Committee on Defence
About the Committee

History

The Committee on Defence was established in the Chamber of Deputies of the Czechoslovak National Council already in 1920. It focused primarily on monitoring the emerging Czechoslovak Armed Forces. The Committee further dealt with investigating mobilisation supplies, determining the family allowance to the families of persons in active military service, and with amendments to the Conscription Act. The Committee operated in the Chamber of Deputies until 1938 and was renewed in November 1945.

Recent Development

During the period of the Czechoslovak Federation, the area of defence was in the competence of federal bodies.

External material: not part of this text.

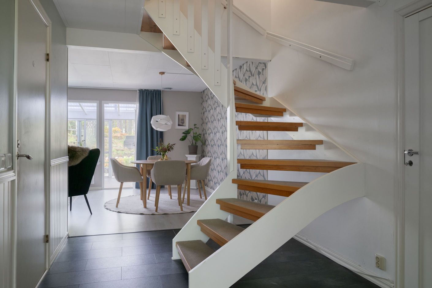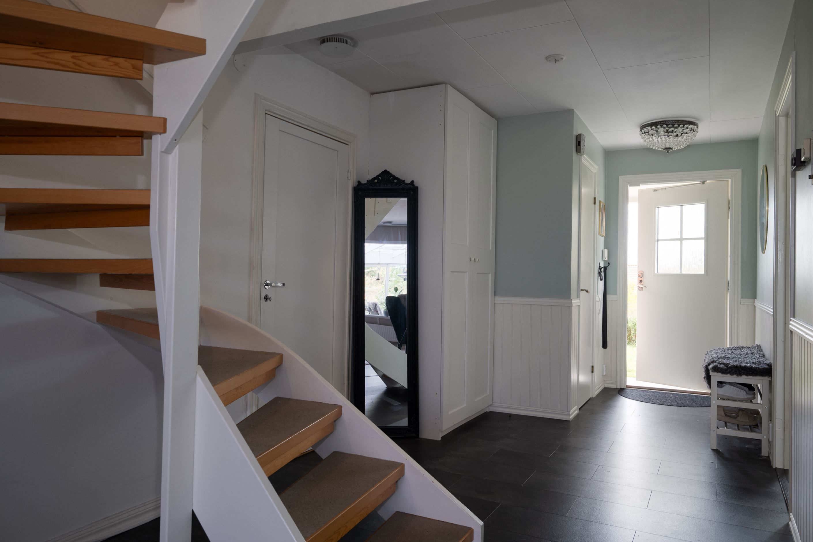 Från hallen nås vind med bra förvaringsmöjligheter.

After the elections of 1992, a Committee on Legal Protection and Security was established at the proposal of a group of Deputies at the first session of the Czech National Council.

After the collapse of the federation, on 1 January 1993, this Committee became a body of the Chamber of Deputies of the Parliament of the Czech Republic, which by its resolution of 27th January 1993 changed its name to the Committee on Civil Defence and Security. In the subsequent electoral periods, a Committee for Defence and Security was established. The competence of this Committee included the issues of internal and external security. The committee dealt with e.g. the accession of the Czech Republic to the North Atlantic Treaty Organisation or acts ensuring the professionalisation of the Armed Forces of the CR.

After the election in 2006, and subsequently also in 2011, the agenda of the Committee was divided into internal and external security and two independent committees were established – the Committee on Defence and the Committee on Security.

Current Agenda

Discussing Bills and International Treaties

The Committee on Defence addresses primarily the acts affecting external security and discusses international treaties concerning international security obligations of the Czech Republic. Its partner ministry is the Ministry of Defence. The Committee also discusses the relevant chapters of the bill on the state budget and the final state budgetary account.

Monitoring the Government

The Committee is the basic institutional instrument for the civil monitoring of the armed forces and deals with the monitoring of the Government’s activities in this area and budgetary activities. The functional separation of the agendas of internal and external security provides the members of the committee with a greater scope for a deeper monitoring of the field of defence.

Foreign Relations

The Committee maintains foreign contacts with partner committees in Europe and the world.

Committee Meetings

The Committee decides by an absolute majority of the members present. The Committee’s meetings are generally open to the public, but it may be proposed that a meeting be declared closed to the public, thus excluding the public and media. Committee meetings are convened and conducted by the Chairperson, who is obliged to convene a meeting upon the decision of the Chamber of Deputies, or upon a request of at least two-fifths of all the members of the Committee, and must do so within 15 days from such a decision or request. The meeting’s agenda is proposed by the Chairperson and approved by the Committee. If a member requests that an additional item be added to the agenda, it must be approved by three fifths of all the members of the Committee.